*** Exercise input
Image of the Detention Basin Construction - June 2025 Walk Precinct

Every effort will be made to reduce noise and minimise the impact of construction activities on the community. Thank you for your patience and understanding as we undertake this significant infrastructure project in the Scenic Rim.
******
*** Exercise input
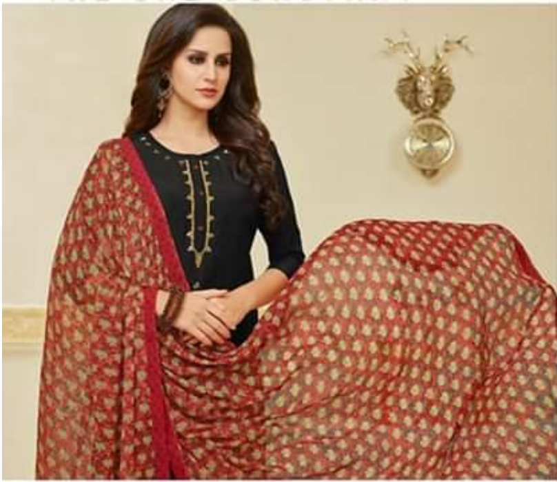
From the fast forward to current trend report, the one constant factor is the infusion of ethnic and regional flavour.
******
From the records above, reproduce exactly the lines from the one with "Image of the" to the one with "Every effort will", both included, and no others.

Response to the task
Image of the Detention Basin Construction - June 2025 Walk Precinct

Every effort will be made to reduce noise and minimise the impact of construction activities on the community. Thank you for your patience and understanding as we undertake this significant infrastructure project in the Scenic Rim.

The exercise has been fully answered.